MATERIALS PROVIDED:
****
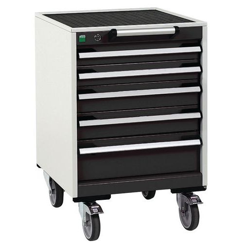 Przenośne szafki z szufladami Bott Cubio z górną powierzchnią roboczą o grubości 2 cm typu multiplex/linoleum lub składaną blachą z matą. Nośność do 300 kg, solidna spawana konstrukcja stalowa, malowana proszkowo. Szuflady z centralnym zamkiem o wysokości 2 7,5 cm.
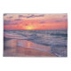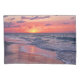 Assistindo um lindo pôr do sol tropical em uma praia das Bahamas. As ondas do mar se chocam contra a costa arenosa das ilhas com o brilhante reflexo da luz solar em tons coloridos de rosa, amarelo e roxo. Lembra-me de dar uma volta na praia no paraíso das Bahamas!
****
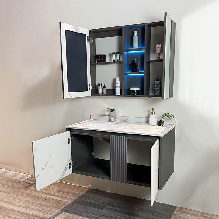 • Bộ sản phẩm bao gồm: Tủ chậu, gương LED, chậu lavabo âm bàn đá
****
WORK TO COMPLETE:
Transcribe, from the material above, the stretch starting at the line with "Przenośne szafki z" and ending at the line with "Assistindo um lindo", both included, exactly. Do not carry over pictures.

EXERCISE RESULT:
 Przenośne szafki z szufladami Bott Cubio z górną powierzchnią roboczą o grubości 2 cm typu multiplex/linoleum lub składaną blachą z matą. Nośność do 300 kg, solidna spawana konstrukcja stalowa, malowana proszkowo. Szuflady z centralnym zamkiem o wysokości 2 7,5 cm.
 Assistindo um lindo pôr do sol tropical em uma praia das Bahamas. As ondas do mar se chocam contra a costa arenosa das ilhas com o brilhante reflexo da luz solar em tons coloridos de rosa, amarelo e roxo. Lembra-me de dar uma volta na praia no paraíso das Bahamas!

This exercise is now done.